AWS Lambda was designed for use cases such as image or object uploads to Amazon S3, updates to DynamoDB tables, responding to website clicks, or reacting to sensor readings from an IoT connected device. AWS Lambda can also be used to automatically provision back-end services triggered by custom HTTP requests, and "spin down" such services when not in use, to save resources. These custom HTTP requests are configured in AWS API Gateway, which can also handle authentication and authorization in conjunction with AWS Cognito.

Unlike Amazon EC2, which is priced by the hour but metered by the second, AWS Lambda is metered by rounding up to the nearest millisecond with no minimum execution time.

AWS Lambda functions are often used in association with AWS SQS queues, to process asynchronous tasks in distributed architectures.
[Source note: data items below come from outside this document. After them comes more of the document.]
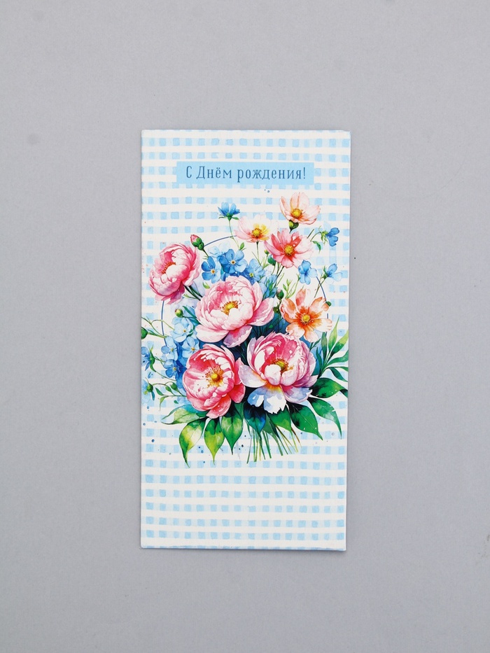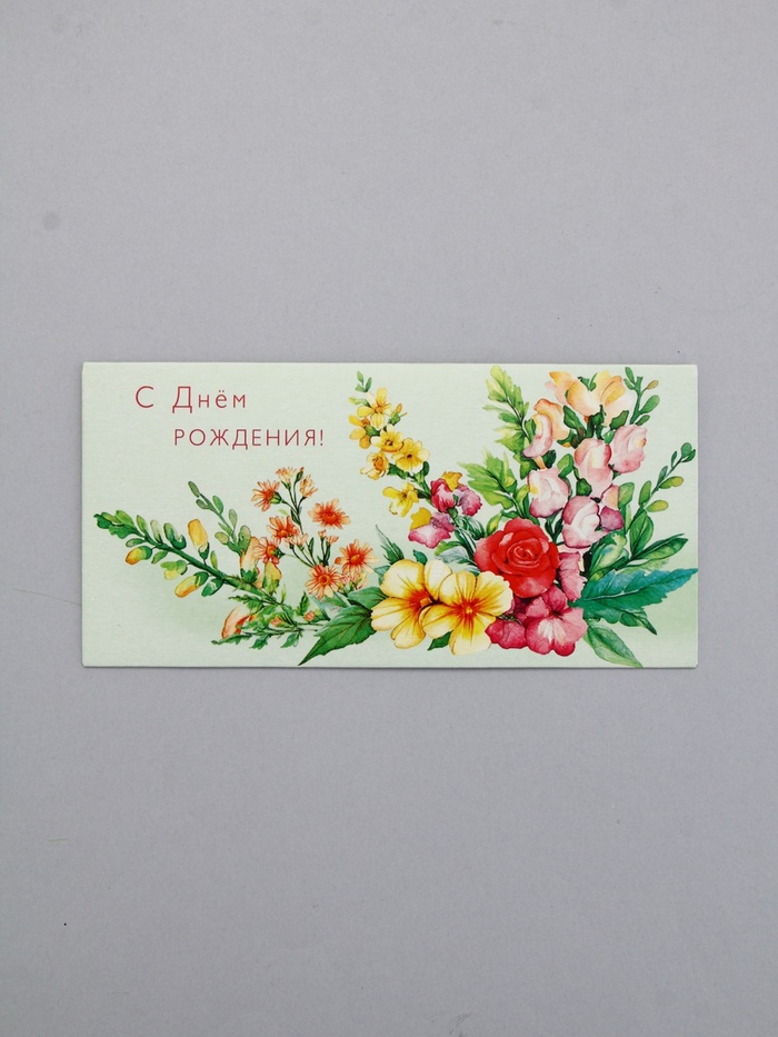 Конверт для денег «С днём рождения», букет, 16,5 х 8 см
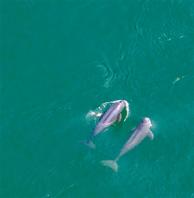 提升生态系统质量和稳定性 近年来,长江水质不断提升,部分重点保护物种数量上升。图为在湖北宜昌葛洲坝下游二江水域拍摄到的长江江豚。 王 罡摄(影像中国)
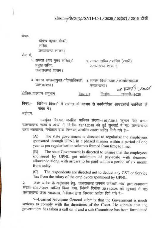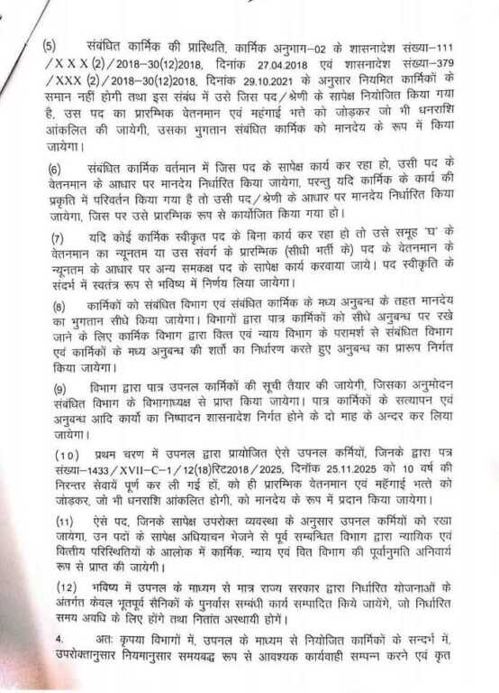 4. अतः कृपया विभागों में, उपनल के माध्यम से नियोजित कार्मिकों के सन्दर्भ में, उपरोक्तानुसार नियमानुसार समयबद्ध रूप से आवश्यक कार्यवाही सम्पन्न करने एवं

In 2019, at AWS' annual cloud computing conference (AWS re:Invent), the AWS Lambda team announced, "Provisioned Concurrency", a feature that "keeps functions initialized and hyper-ready to respond in double-digit milliseconds." The Lambda team described Provisioned Concurrency as "ideal for implementing interactive services, such as web and mobile backends, latency-sensitive microservices, or synchronous APIs."

Specification
Each AWS Lambda instance is a container created from Amazon Linux AMIs (a Linux distribution related to RHEL) with 128–10240 MB of RAM (in 1 MB increments), 512 MB to 10 GB of ephemeral storage in /tmp folder, and a configurable execution time from 1 to 900 seconds. Ephemeral storage remains locally available only for the duration of the instance and is discarded after all tasks running on the instance complete.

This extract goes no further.